Characteristics of annotated genes from Carex and Juncus.

	C. cristatella	C. scoparia	J. effusus	J. inflexus
Number of genes	26,500	25,799	25,967	25,422
Average CDS length (bp)	1,054	1,069	1,018	1,023
Exon number per gene	5.27	5.43	5.43	5.53
Intron number per gene	4.27	4.43	4.43	4.53
Average intron length per gene	1,958	2,031	1,263	1,300
Average gene length (bp)	3,310	3,464	2,625	2,717

Characteristics of annotated genes from Carex and Juncus.

Gene GC content

Ancestral monocot species are believed to have had a bimodal gene GC distribution, which is strongly preserved in Poaceae species, but many other monocot species have a unimodal gene GC distribution (Serres-Giardi ; Clément ; McKain ). We examined gene GC and GC3 distribution for the Carex and Juncus species here and compared these distributions with those from O. sativa (Fig. 1, Supplementary Fig. 12). Compared to O. sativa, the Carex and Juncus species have unimodal GC and GC3 distributions, which is common for many non-Poaceae monocot species (Serres-Giardi ; Clément ; McKain ). Carex cristatella and C. scoparia have nearly identical gene GC distributions with peaks at about 43%, and J. effusus and J. inflexus also have nearly identical GC distributions with peaks at 45%. Many cyperid genes have lower gene GC content than even the low-GC genes from O. sativa.

Fig. 1.

Distribution of full CDS GC content of C. cristatella, C. scoparia, J. effusus, J. inflexus, and O. sativa.

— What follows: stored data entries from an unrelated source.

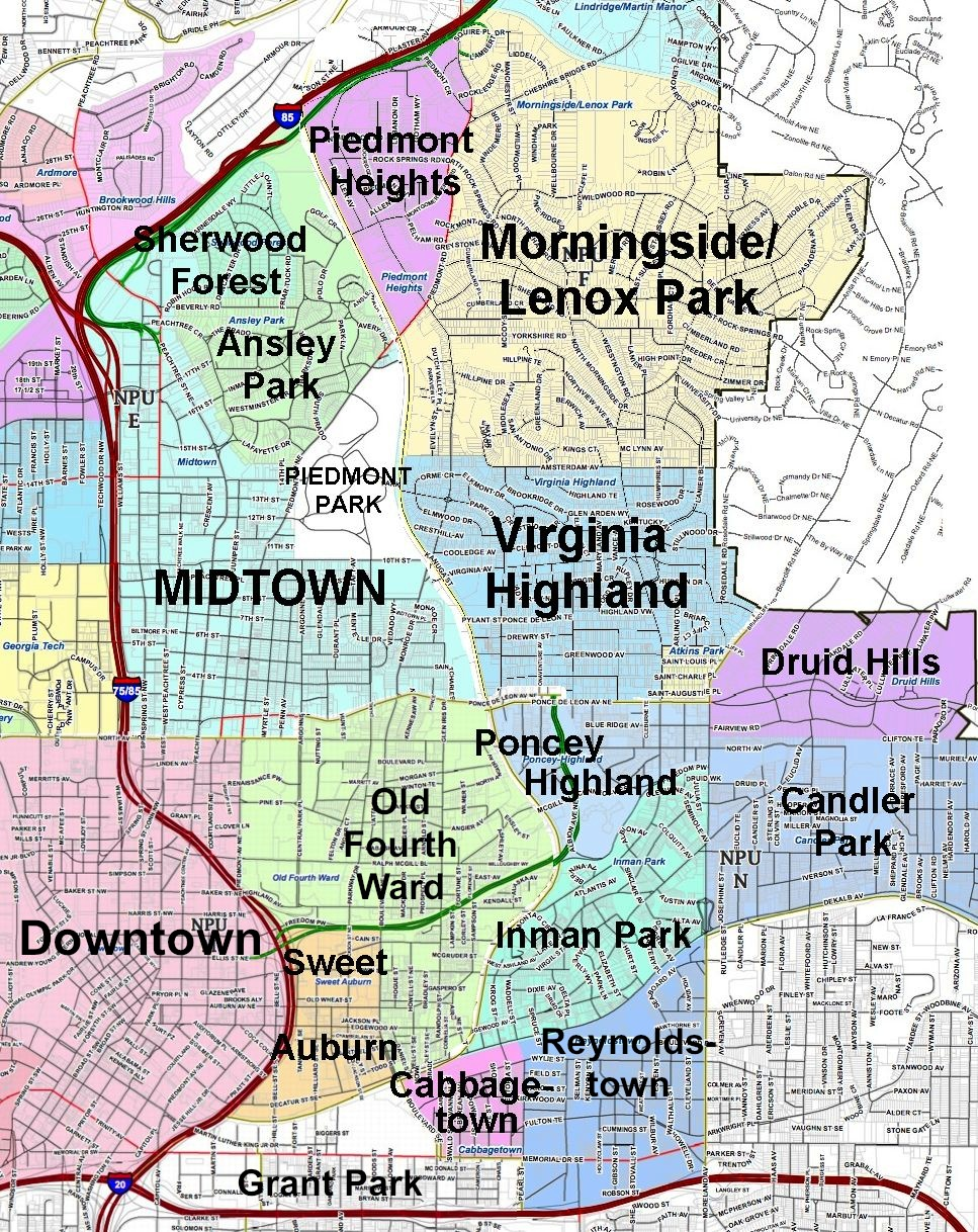 map of intown Atlanta showing Virginia Highland
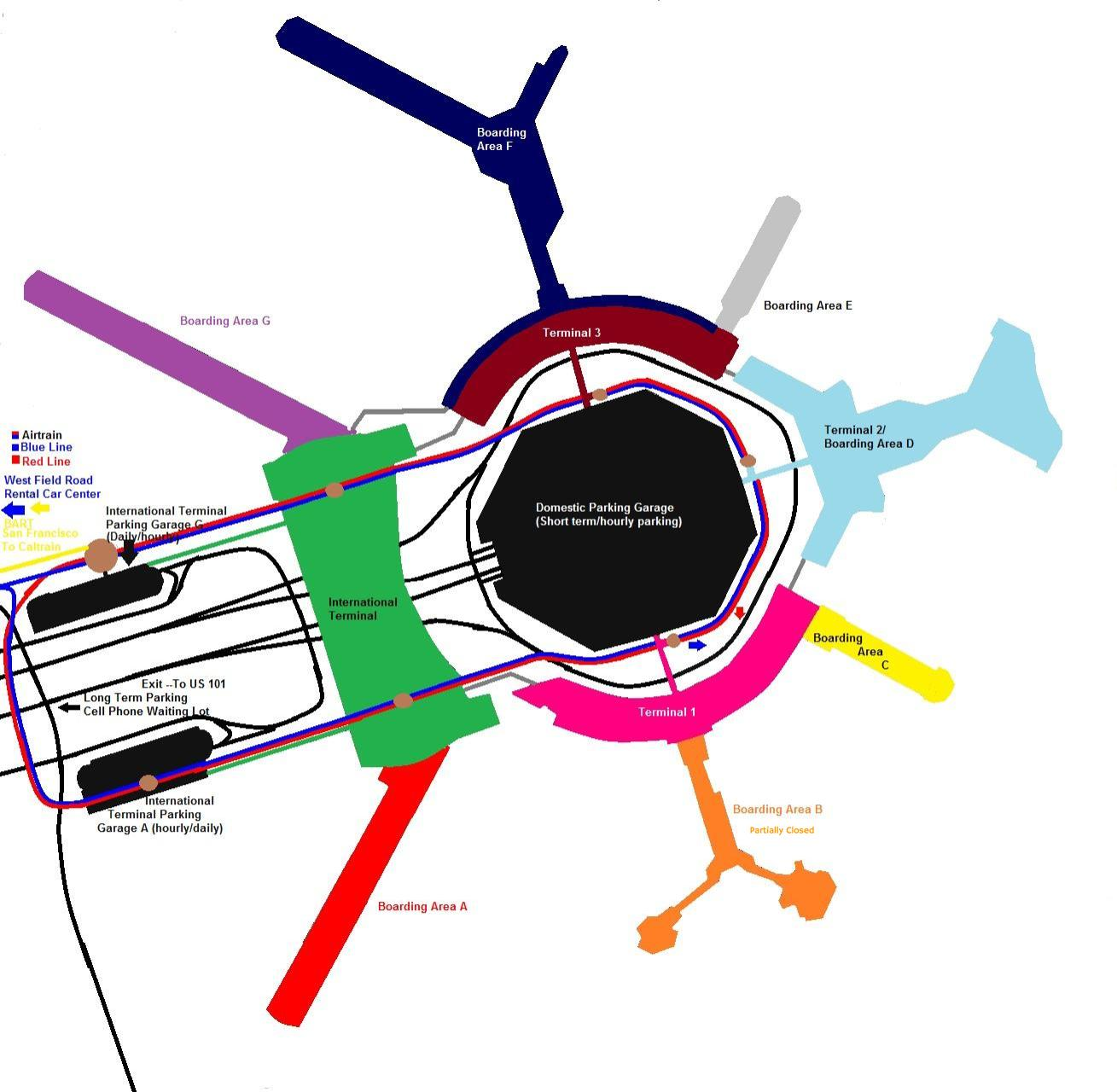 Diagram showing location of terminals at SFO Airport
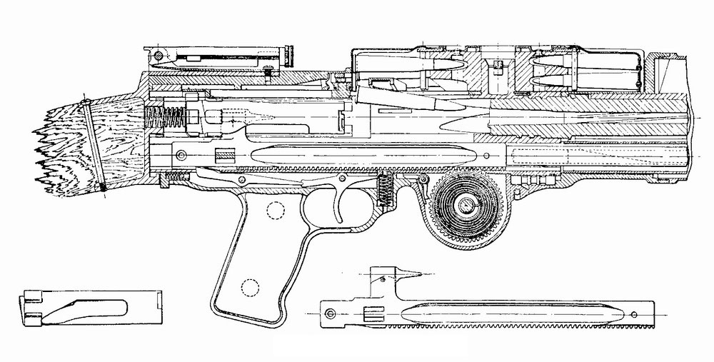 Lewis Machine Gun action,sectional drawing

Only primary isoforms and non-TEs-related genes were used in GC content calculations.

Gene orthologs

Ortholog analysis was performed with proteins from 8 monocot species, A. comosus, C. cristatella, C. scoparia, J. effusus, J. inflexus, M. balbisiana, O. sativa, and S. bicolor. Nearly 9,000 orthologous groups were identified that contained genes from only the 8 monocot species, and these groups represent gene families that are generally conserved across the monocots (Fig. 2). Carex-, Juncus-, and Poaceae-specific orthologous gene families were identified with between 1,616 and 2,374 gene families each. GO enrichment analysis of the Carex-specific gene families showed an enrichment for metabolic processes, transcription factors, stress response genes, and diterpenoid biosynthesis (Supplementary Fig. 13). The Juncus-specific gene families have a significant abundance of GO terms for metabolic processes, defense responses, and homeostatic processes (Supplementary Fig. 14). GO terms related to various metabolic processes and ion transport were abundant within the Poaceae-specific gene families (Supplementary Fig. 15). Interestingly, the enrichment of gene families annotated with stress response terms within both Carex and Juncus but not in the Poaceae suggests that Carex and Juncus have developed additional mechanisms to respond to stress compared to the grasses.

Fig. 2.

Numbers of shared single-copy and multiple-copy gene families among the 8 monocot genomes. Gene families were identified in A. comosus, C. cristatella, C. scoparia, J. effusus, J. inflexus, M. balbisiana, O. sativa, and S. bicolor using OrthoFinder.

Monocot phylogeny

A phylogenetic tree generated using orthologs identified from the predicted gene sets from A. comosus, A. setaceus, C. cristatella, C. littledalei, C. scoparia, J. effusus, J. inflexus, M. balbisiana, O. sativa, P. raimondii, S. bicolor, and T. latifolia was created (Fig. 3). This phylogenetic tree is consistent with Poales phylogenies from a number of other reports that indicate Cyperaceae and Juncaceae as being the most recently diverged families and an earlier time of divergence between Bromeliaceae and Poaceae, Cyperaceae, and Juncaceae (Bremer 2002; Eguchi and Tamura 2016). Estimated times of divergence in this phylogeny are consistent with those of Eguchi and Tamura (2016) and Can , but other reports found generally earlier branching dates than those calculated here (Janssen and Bremer 2004; Givnish ).

Fig. 3.

Phylogeny and estimation of divergence times of the sequenced Carex and Juncus genomes with Asparagus setaceus and 7 other Poales species based on 459 single-copy ortholog sequences. Numbers above and below the nodes are divergence times in millions of years and bootstrap values, respectively. Species divergence times estimated by MCMCTree at 95% confidence interval are shown as bars at each node of the tree.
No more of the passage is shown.